Home / Romansa / When I Me(e)t You / 4 Pisah Kamar

Share

4 Pisah Kamar

Author: Ans18
last update Last Updated: 2025-02-25 21:59:06

"Siapa yang ngizinin kamu masuk kamarku?" Arka berteriak kesal kala melihat sosok lelaki yang duduk santai di sofa kamarnya.

"Apa aku harus izin untuk masuk ke kamar istriku?"

"Astaga! Bisa nggak sih nggak nyebut-nyebut itu?" Arka mendengkus kesal sementara lelaki di hadapannya tersenyum simpul.

"Orang dibilang aku ngerasa nggak pernah nikah juga," gumam Arka entah pada siapa, yang jelas ia bangkit dari posisi tidurnya dan memilih duduk di foot board ranjang.

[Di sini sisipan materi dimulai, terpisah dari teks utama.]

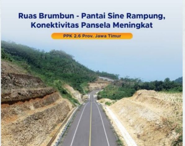 Pembangunan Jalan Lintas Pantai Selatan (Pansela) Lot 1B ruas Jalan Brumbun–Pantai Sine di Kabupaten Tulungagung, Jawa Timur, resmi tuntas.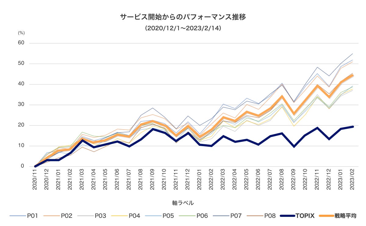 Wealth Wingが提供する8つの戦略のうち、サービス開始から今月時点で全ての戦略がTOPIXを大幅に上回るトラックレコードを記録しています。

Meskipun setelah bangun tidur tadi ia masih berharap bahwa semuanya adalah mimpi, tapi begitu melihat sosok Caraka di dalam kamarnya, ia jadi sadar kalau harapannya tidak terkabul. Mau tidak mau, cepat atau lambat, ia harus menghadapi lelaki yang mengaku bernama Caraka Altair Abimana itu.

"So, apa yang mau kamu omongin sampe nerobos masuk ke kamarku?"

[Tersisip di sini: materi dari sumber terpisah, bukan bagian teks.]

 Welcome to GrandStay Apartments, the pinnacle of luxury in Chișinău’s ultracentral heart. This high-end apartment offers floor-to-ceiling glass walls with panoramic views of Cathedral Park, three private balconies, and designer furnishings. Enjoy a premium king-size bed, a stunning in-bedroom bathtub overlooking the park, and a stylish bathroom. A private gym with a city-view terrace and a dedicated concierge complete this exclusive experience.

"Hubungan kita." Caraka menjawab dengan singkat dan nada yang dingin.

"Hubungan yang mana? Aku sama sekali nggak ngerasa punya hubungan sama kamu."

Caraka menghela napas kasar. "Aku tau, Arka. Ini pasti jadi pukulan berat buatmu. Tapi, kita nggak bisa kembali ke masa lalu lagi. Semuanya udah terjadi. Apa ucapan orang tuamu, foto-foto, video, dan dokumen yang ditunjukkan tadi masih belum bisa buat kamu percaya?"

"Iya, aku nggak percaya," jawab Arka angkuh.

"Ok ok, aku berusaha untuk ngerti. Kalau aku jadi kamu juga pasti aku nggak akan bisa langsung percaya. Aku cuma minta ... dengerin omongan orang tuamu. Apa mungkin mereka mempersiapkan kebohongan ini untuk kamu? Buat apa juga? Nggak ada gunanya Arka. Mau nggak mau kamu harus mulai mempersiapkan diri untuk menjalani rumah tangga yang seutuhnya." Caraka berdiri, meninggalkan Arka yang kini duduk diam.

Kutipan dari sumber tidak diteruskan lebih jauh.